Placer en mi propia cárcel
Por Selestina, el 09/07/2018

Cuando se llega a cierta edad, parece que es el fin de todo para una mujer: no se es lo suficientemente bonita, graciosa, sexy, flexible, deseable... Comienza a aparecer un halo de tristeza y quizás piedad por la “solterona”, la “aburrida”, la “workaholic”.
Porque ser una mujer que sabe lo que quiere siempre ha tenido un precio alto. Muy alto si sabes lo que quieres de un hombre, si te atreves a pedir más, si no buscas el anillo, la casa perfecta, los niños y la mascota. Que estaría bien, claro que sí, pero conformarme nunca ha sido lo mío y dejar de ser mujer para ser florero, mucho menos.
Así es que con 41 años comenzaba a pagar mi precio. Sola en casa, sin mascotas, con un trabajo genial, pero sin ser la típica mujer complaciente y servicial, que disfruta jugando a las casitas.
¿Y qué es lo que me gustaba? Ir más allá. A mi edad ya no tengo miedo de pedirlo, de mirar a los ojos a un hombre y decirle sin pudor: Quiero ser tu esclava, tu perrita. O de tomarlo por el cuello y decirle al oído lo malo que había sido y lo mucho que deseaba castigarlo: Has sido un mal mal tipo, pero yo te voy a enderezar, te voy a corregir...

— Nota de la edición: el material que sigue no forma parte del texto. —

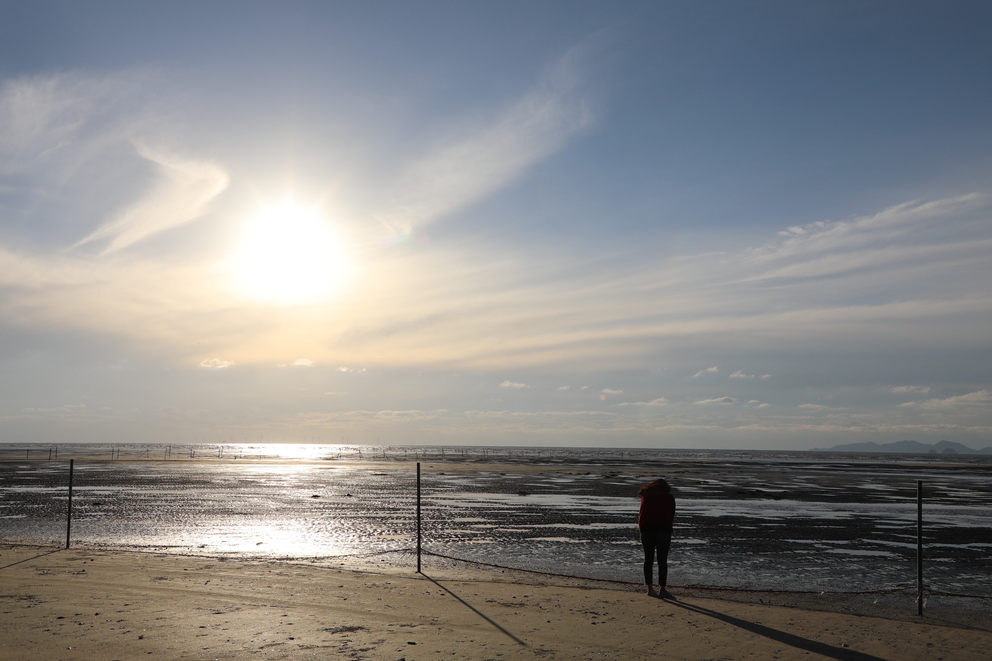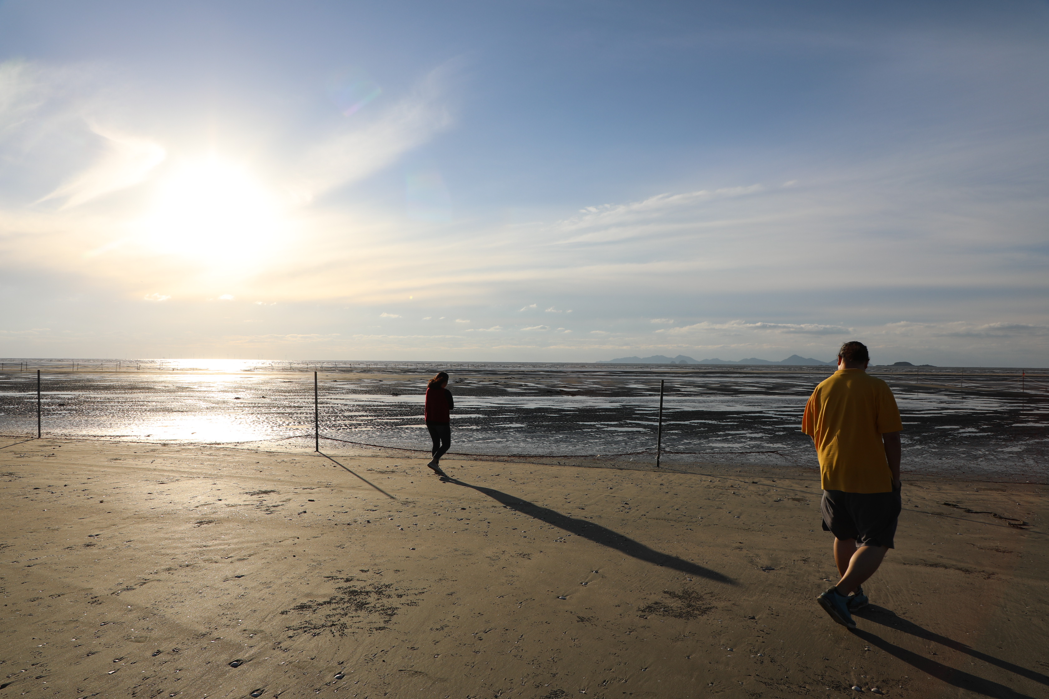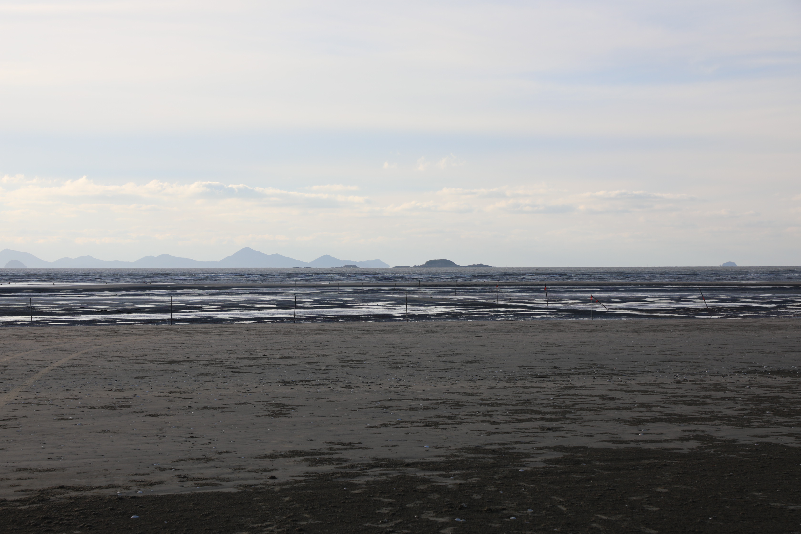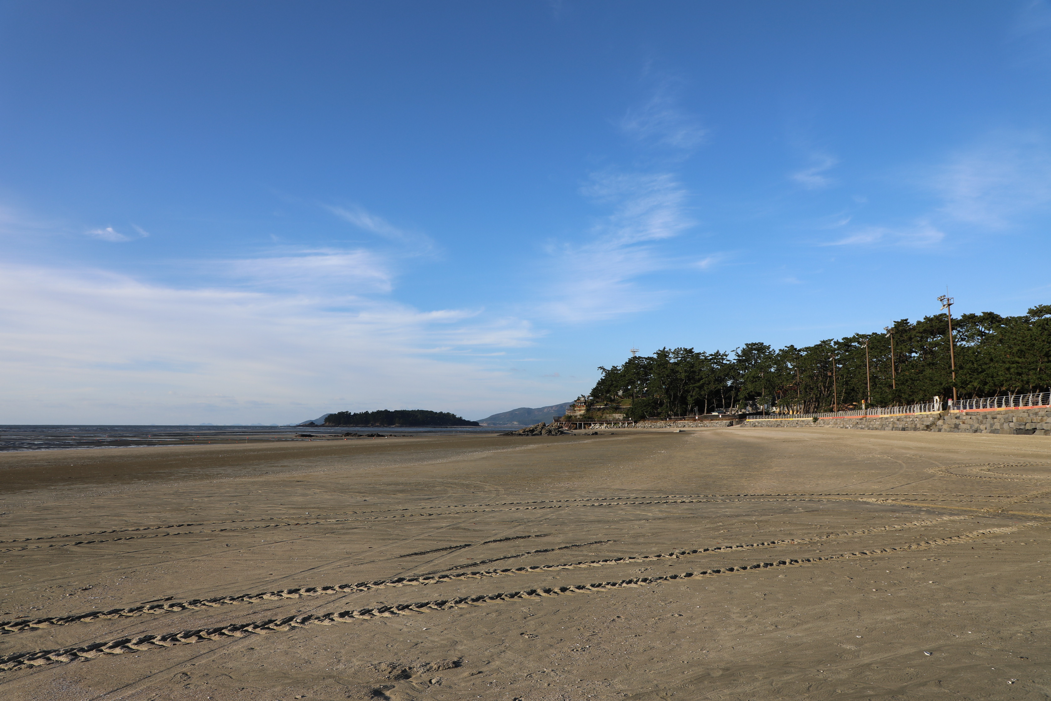 썰물에 바닷물이 빠져나가면 드러난 해안선이 끝없이 펼쳐져 바다가 보이지 않을 정도로 멀다.
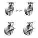 Heavy Duty Large Top Plate Semi Steel Cast Iron Swivel Caster w/Main. Free Bearings Set of 4 w/8" x 2" Silver Wheels-Includes 2 Swivel with Bolt on Swivel Lcks&2 Swvl with Brakes- Service Caster Brand
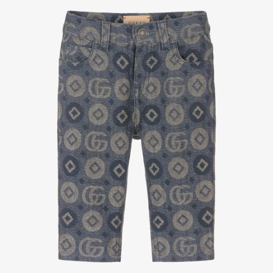 Stylish blue trousers for little boys and girls by luxury Italian brand Gucci, with the iconic Double G logo in a statement geometric pattern. Woven in soft cotton jacquard, they have an adjustable waistband for a comfortable fit. There are front and back pockets, with a branded popper fastening for a finishing designer touch.
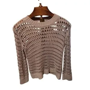 Sablyn Mariella Open Knit Cotton/Silk/Cashmere Blend Sweater Tan Sand Size XS Pre-owned Chest Measurement is 23"
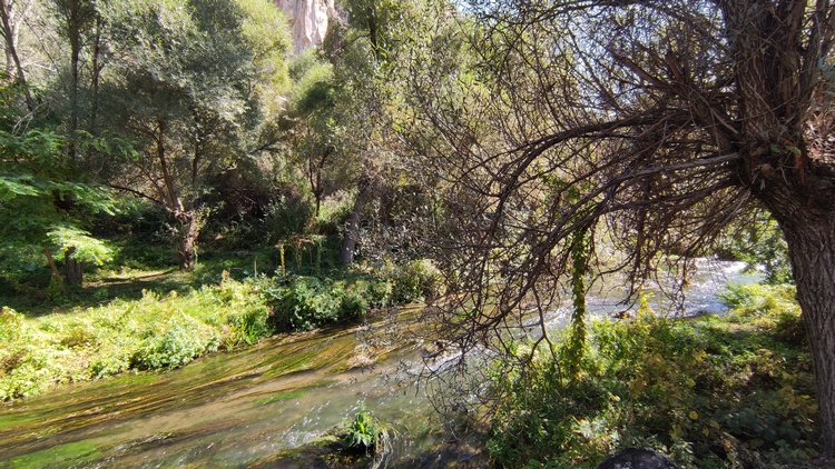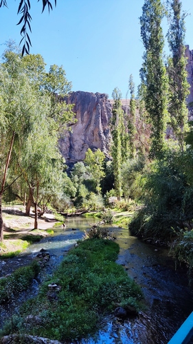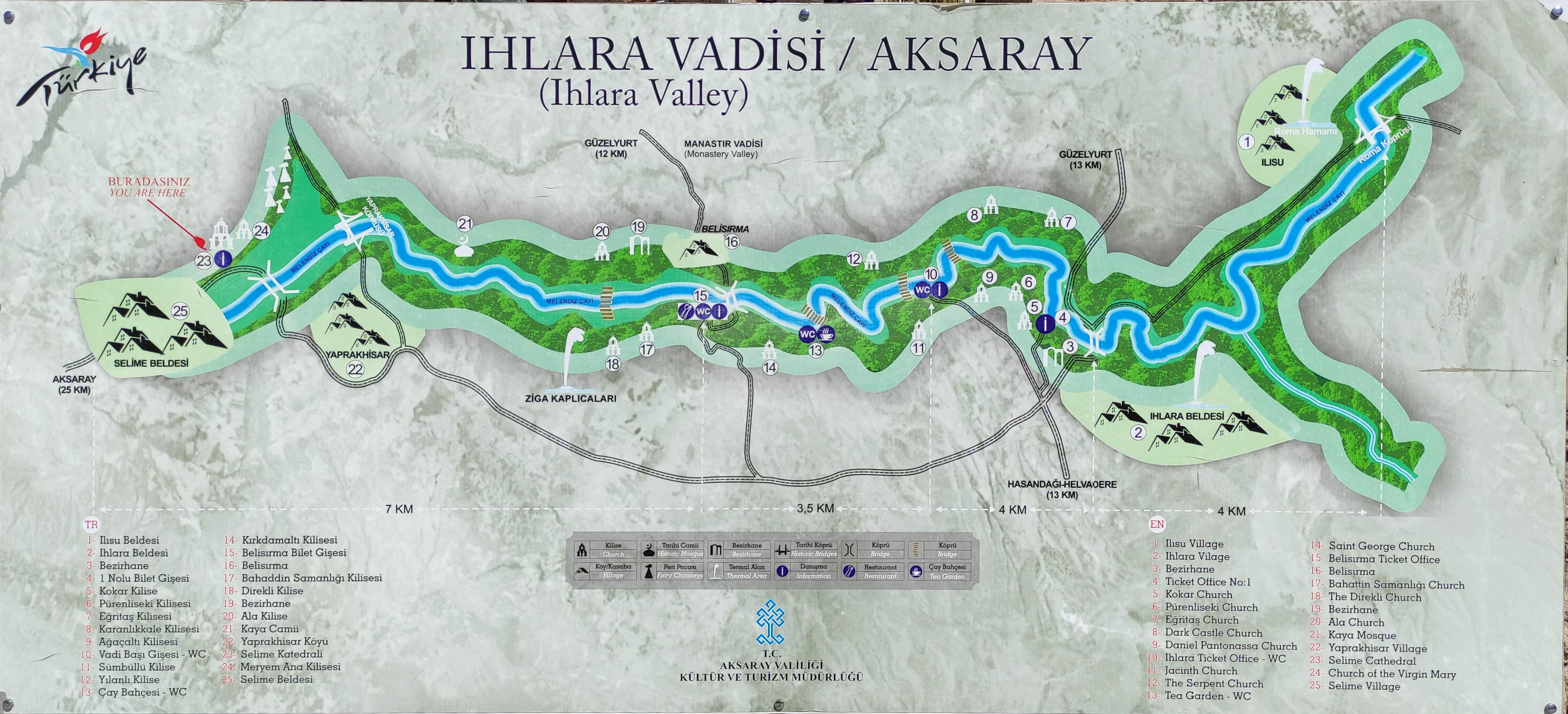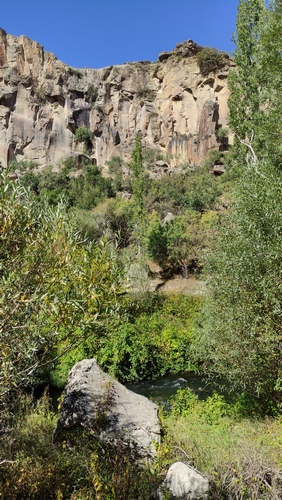 Ilhara valley, originado por la continua erosión durante millones de años del río Melendiz, que ha creado un cañón de 80 metros de profundidad y unos 15 km de largo. Es un paseo plano y cómodo de unos 3,5 km que transcurre paralelo al río. En las paredes del cañon pueden verse estancias excavadas en sus paredes, tan típicas de la región. Acabamos en

Y esto es solo la puerta de entrada, es la invitación a jugar al poder, a tentar, a sentir, a tener noches llenas de pasión, de conocer juguetes que te marquen la piel y el alma de puro placer.
Me sentía sola, pero sabía muy dentro de mí que no podía estarlo. Ocurría que alguna noche en algún bar, en algún centro comercial, sentía esa mirada especial de un hombre o de una mujer, más de una vez hasta de una pareja, esa mirada que incita y busca la complicidad del que no le teme a la fuerza.
Pero donde nunca esperé encontrarla fue en mi oficina, ese gris edificio lleno de contables y secretarias, todos iguales. En esa cárcel conocí no a una, sino a varias amigas, mis futuras carceleras... En un trabajo tan aburrido, no me era difícil fantasear, hacer alguna incursión a mi ordenador y deleitarme con las órdenes de las dominatrices y los gemidos de los sumisos. Era muy fácil, nadie me veía...¿o sí?
Sí lo hacían. La mirada de la pasante más joven, la más callada, se posó un día sobre todo mi cuerpo durante una de estas escapadas. Pude sentirla derás de mi silla, estremecida, curiosa, y encantada. Fue delicioso ver su pudor, su encanto y como huyó, apenada, casi asustada, pero con media sonrisa en sus labios. Era una de las mías, solo tenía que saber más.
Seguí tentándola poco a poco, alguna foto subida de tono entre las carpetas, otro vídeo “accidental”, charlas inocentes sobre su vida, sobre su novio y alguno que otro acercamiento sutil pero firme.
Hasta que tuve mi gran oportunidad en la fiesta de Navidad, mucho alcohol y más desinhibiciones: perfecto. Le di su espacio, pero la busqué toda la noche, con la mirada, con gestos, esperé a que cada uno de los borrachos cayera. Nadie podía llevarla a casa, excepto yo, sin una gota alcohol en el cuerpo, atenta y lista para cuidarla.
La subí a mi coche. Ni una palabra, la tensión sexual se cortaba, esperaba a lanzar mi ataque, pero ella se me adelantó. ¿Entonces qué planea para mi, ama Moira?
Hablábamos el mismo idioma... Me reí, la llevé a casa. Conseguí no solo a una experta en sumisión, sino también un novio experto, listo para cumplir nuestros deseos, nuestras locuras...
Desde entonces, nos reunimos cada dos viernes, mi pasante favorita, su chico y yo, o Ana la contable y algún amigo. A veces también viene ese abogado sexy y tímido, otro alumno, un perrito para castigar, que disfruta con ello, que no teme ser penetrado por una mujer segura de sí misma.
Ya no estoy sola, cada vez somos más y cada vez lo pasamos mejor. Encontramos el placer sin salir de nuestra propia cárcel.